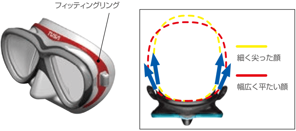 フィット感を高める工夫として、顔に触れるシール部がスイングする構造を採用し、顔の角度や骨格の違いに柔軟に対応。
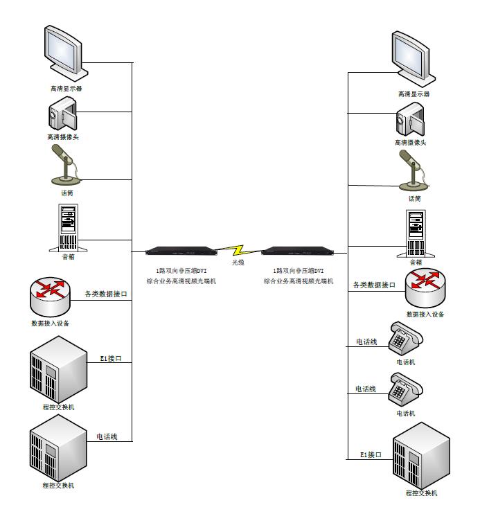 1個光接口(光口速率10G,FC或SFP(LC)接口);2路DVI接口(1路爲DVI輸入,1路爲DVI輸出); 2路音頻接口(3.5MM或蓮花頭或卡侬頭,1路爲音頻輸入,1路爲音頻輸出);2路百兆網絡接口(RJ45);16路電話磁石等業務接口(RJ45) |
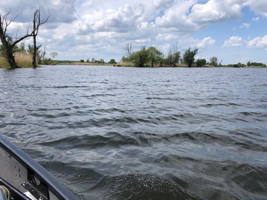 Auf meiner Weiterfahrt steige ich noch auf eine Beobachtungsplattform, von der aus ich einen guten Blick auf die riesige überschwemmte Wasserlandschaft werfen kann. In der Ferne fahren einige Motorboote auf der Unteren Havel.
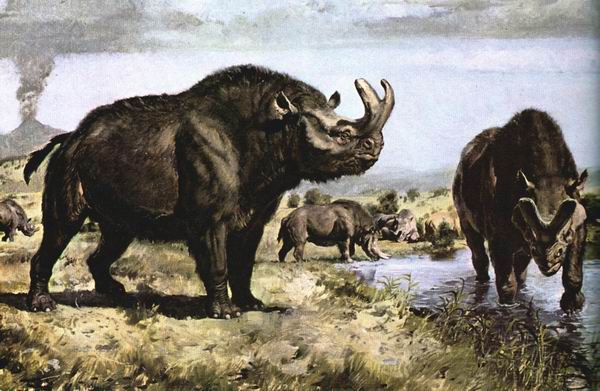 Brontotherium két és fél méteres vállmagasságú patás - Zdenek Burian cseh festőművész képe

* [EXERCISE] Write the lines out word for word, starting at the one with "Auf meiner Weiterfahrt" and stopping after the last line of the material above, with pictures excluded.

* [RESPONSE AREA]
 Auf meiner Weiterfahrt steige ich noch auf eine Beobachtungsplattform, von der aus ich einen guten Blick auf die riesige überschwemmte Wasserlandschaft werfen kann. In der Ferne fahren einige Motorboote auf der Unteren Havel.
 Brontotherium két és fél méteres vállmagasságú patás - Zdenek Burian cseh festőművész képe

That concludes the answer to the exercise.